John David Anglin wrote:
>> Since many kernel versions I regularly faced reproducibly kernel hangs when
>> compiling some bigger files. The machine suddenly just seemed to hang.
>>
>> With spinlock debugging turned on I found this:
>>
>> BUG: spinlock recursion on CPU#0, tool/7263
>>  lock: 10644000, .magic: dead4ead, .owner: tool/7263, .owner_cpu: 0
>> Backtrace:
>>  [<10113a94>] show_stack+0x18/0x28
>>
>> BUG: spinlock lockup on CPU#0, tool/7263, 10644000
>> Backtrace:
>>  [<10113a94>] show_stack+0x18/0x28
>>
>> BUG: soft lockup - CPU#0 stuck for 61s! [tool:7263]
>> IASQ: 00000000 00000000 IAOQ: 102d55dc 102d557c
>>  IIR: 03c008b3    ISR: 00000000  IOR: 00000000
>>  CPU:        0   CR30: 7d1a4000 CR31: 11111111
>>  ORIG_R28: 00000000
>>  IAOQ[0]: _raw_spin_lock+0x15c/0x1c0
>>  IAOQ[1]: _raw_spin_lock+0xfc/0x1c0
>>  RP(r2): _raw_spin_lock+0x18c/0x1c0
>> Backtrace:
>>  [<102d560c>] _raw_spin_lock+0x18c/0x1c0
>>
>> Kernel panic - not syncing: softlockup: hung tasks
>> Backtrace:
>>  [<10113a94>] show_stack+0x18/0x28
> 
> I have tested the proposed change using 2.6.30-rc6 and a modified version
> of 2.6.22.10.  I tested using SMP kernels running on a rp3440 and UP
> kernels on a c3750.  I also tested changing the macros to just use
> preempt_disable/preempt_enable.
> 
> The patch doesn't cause any new problems as far as I can tell.  

That's good. Thanks for testing !

> However,
> it doesn't fix any of the problems that I currently see on these two
> machines.  In particular, I see the occasional gcc testsuite timeout
> using SMP kernels.  Programs that usually take a few seconds to run
> timeout after three minutes.  These timeouts don't occur with UP kernels.

Ok, it fixes at least a kernel hang I faced regularily with my compilations...
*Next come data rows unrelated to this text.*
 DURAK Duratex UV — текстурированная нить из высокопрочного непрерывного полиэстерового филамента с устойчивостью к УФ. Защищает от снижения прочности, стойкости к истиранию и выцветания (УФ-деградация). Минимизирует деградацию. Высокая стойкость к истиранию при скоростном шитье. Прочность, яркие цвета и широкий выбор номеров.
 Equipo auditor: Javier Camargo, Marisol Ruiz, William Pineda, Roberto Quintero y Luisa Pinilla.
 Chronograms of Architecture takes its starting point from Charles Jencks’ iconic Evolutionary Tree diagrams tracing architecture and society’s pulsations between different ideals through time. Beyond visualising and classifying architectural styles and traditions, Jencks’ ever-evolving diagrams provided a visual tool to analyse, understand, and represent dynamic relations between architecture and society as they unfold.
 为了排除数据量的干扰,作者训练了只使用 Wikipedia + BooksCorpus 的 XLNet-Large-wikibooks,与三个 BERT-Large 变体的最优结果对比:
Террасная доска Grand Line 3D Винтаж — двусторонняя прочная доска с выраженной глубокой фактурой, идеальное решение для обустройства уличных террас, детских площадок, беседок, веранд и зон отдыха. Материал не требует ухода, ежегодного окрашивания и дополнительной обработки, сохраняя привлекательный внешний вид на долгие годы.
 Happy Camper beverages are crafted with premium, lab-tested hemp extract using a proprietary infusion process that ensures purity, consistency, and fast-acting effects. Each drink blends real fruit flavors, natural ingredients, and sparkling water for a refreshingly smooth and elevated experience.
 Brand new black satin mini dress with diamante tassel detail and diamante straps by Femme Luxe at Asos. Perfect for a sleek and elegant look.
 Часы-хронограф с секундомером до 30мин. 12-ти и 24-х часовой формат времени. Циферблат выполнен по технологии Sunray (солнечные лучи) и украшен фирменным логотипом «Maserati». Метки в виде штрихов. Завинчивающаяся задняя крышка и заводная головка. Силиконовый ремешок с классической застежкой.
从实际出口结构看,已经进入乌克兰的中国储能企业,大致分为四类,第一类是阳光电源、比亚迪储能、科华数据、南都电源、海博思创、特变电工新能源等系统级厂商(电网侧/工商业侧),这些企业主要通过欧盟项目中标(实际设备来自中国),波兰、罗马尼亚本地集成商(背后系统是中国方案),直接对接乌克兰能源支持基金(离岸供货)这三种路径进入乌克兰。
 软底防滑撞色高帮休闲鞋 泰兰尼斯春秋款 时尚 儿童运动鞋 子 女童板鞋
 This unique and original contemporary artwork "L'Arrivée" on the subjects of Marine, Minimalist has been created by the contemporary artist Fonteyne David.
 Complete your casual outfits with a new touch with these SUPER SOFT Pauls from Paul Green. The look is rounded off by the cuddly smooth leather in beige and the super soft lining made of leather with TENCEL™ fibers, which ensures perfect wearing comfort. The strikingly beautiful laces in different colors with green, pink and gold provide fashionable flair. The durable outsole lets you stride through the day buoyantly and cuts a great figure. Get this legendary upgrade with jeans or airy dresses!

> On the rp3440, the spinlock is definitely needed.  With just
> preempt_disable/preempt_enable, a crash occurs during bootstrap
> at the point unused memory is recovered.  Thus, the tlb purge
> issue referred to in the preceeding comment affects more than
> just N class.
> 
> On the otherhand, it doesn't seem necessary to disable interrupts
> during the purge with UP kernels.  

My kernel crashes happened with UP-kernels on a B2000 (1 CPU).
So, I still have the feeling that it's necessary to disable interrupts 
on UP kernels as well.

The new cleaned-up attached patch below shows, that arch/parisc/kernel/pci-dma.c
is affected. My kernel crashes always happened when the machine was pretty 
much loaded, during memory pressure when the system still wanted to load
something from disk.
In pci-dma.c the TLB flushing code is called from the DMA handlers, so
it does indicate that IRQ would need to be disabled.
One example I could imagine (with a UP-kernel):
- Process A runs some code, gets into kernel and executes clear_user_page() and locks
  the pa_tlb_lock spinlock (inside the critical section).
- Suddenly Process B gets data from disk via DMA handlers in pci-dma.c
- DMA-Interrupt kicks in, the DMA handler tries to get the pa_tlb_lock and fails
  since process A still holds the lock
-> machine deadlocks and kernel starts reporting about "hung tasks after 61seconds".
  (just search the mailing list for such reports..)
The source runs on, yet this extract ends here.